* Data shown:
• • •

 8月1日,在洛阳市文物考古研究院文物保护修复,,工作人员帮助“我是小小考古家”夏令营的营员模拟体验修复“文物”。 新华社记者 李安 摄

• • •

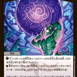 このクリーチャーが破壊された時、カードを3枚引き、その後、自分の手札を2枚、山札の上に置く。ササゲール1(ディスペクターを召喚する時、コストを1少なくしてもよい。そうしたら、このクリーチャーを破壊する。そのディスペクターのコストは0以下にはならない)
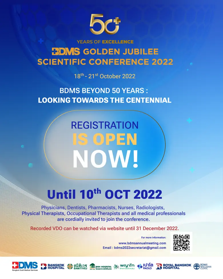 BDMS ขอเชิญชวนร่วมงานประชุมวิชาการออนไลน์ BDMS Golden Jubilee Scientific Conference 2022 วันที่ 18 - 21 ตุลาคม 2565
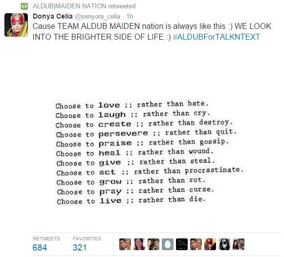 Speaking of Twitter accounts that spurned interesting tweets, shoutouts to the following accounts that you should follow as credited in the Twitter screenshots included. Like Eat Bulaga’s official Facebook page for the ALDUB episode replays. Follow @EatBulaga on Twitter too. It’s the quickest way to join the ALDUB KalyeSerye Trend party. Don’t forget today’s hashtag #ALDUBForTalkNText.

• • •

Copy word for word the lines of the records above from the one with "このクリーチャーが破壊された" up to and including the one with "Speaking of Twitter". Skip the pictures.

* Finished exercise:
 このクリーチャーが破壊された時、カードを3枚引き、その後、自分の手札を2枚、山札の上に置く。ササゲール1(ディスペクターを召喚する時、コストを1少なくしてもよい。そうしたら、このクリーチャーを破壊する。そのディスペクターのコストは0以下にはならない)
 BDMS ขอเชิญชวนร่วมงานประชุมวิชาการออนไลน์ BDMS Golden Jubilee Scientific Conference 2022 วันที่ 18 - 21 ตุลาคม 2565
 Speaking of Twitter accounts that spurned interesting tweets, shoutouts to the following accounts that you should follow as credited in the Twitter screenshots included. Like Eat Bulaga’s official Facebook page for the ALDUB episode replays. Follow @EatBulaga on Twitter too. It’s the quickest way to join the ALDUB KalyeSerye Trend party. Don’t forget today’s hashtag #ALDUBForTalkNText.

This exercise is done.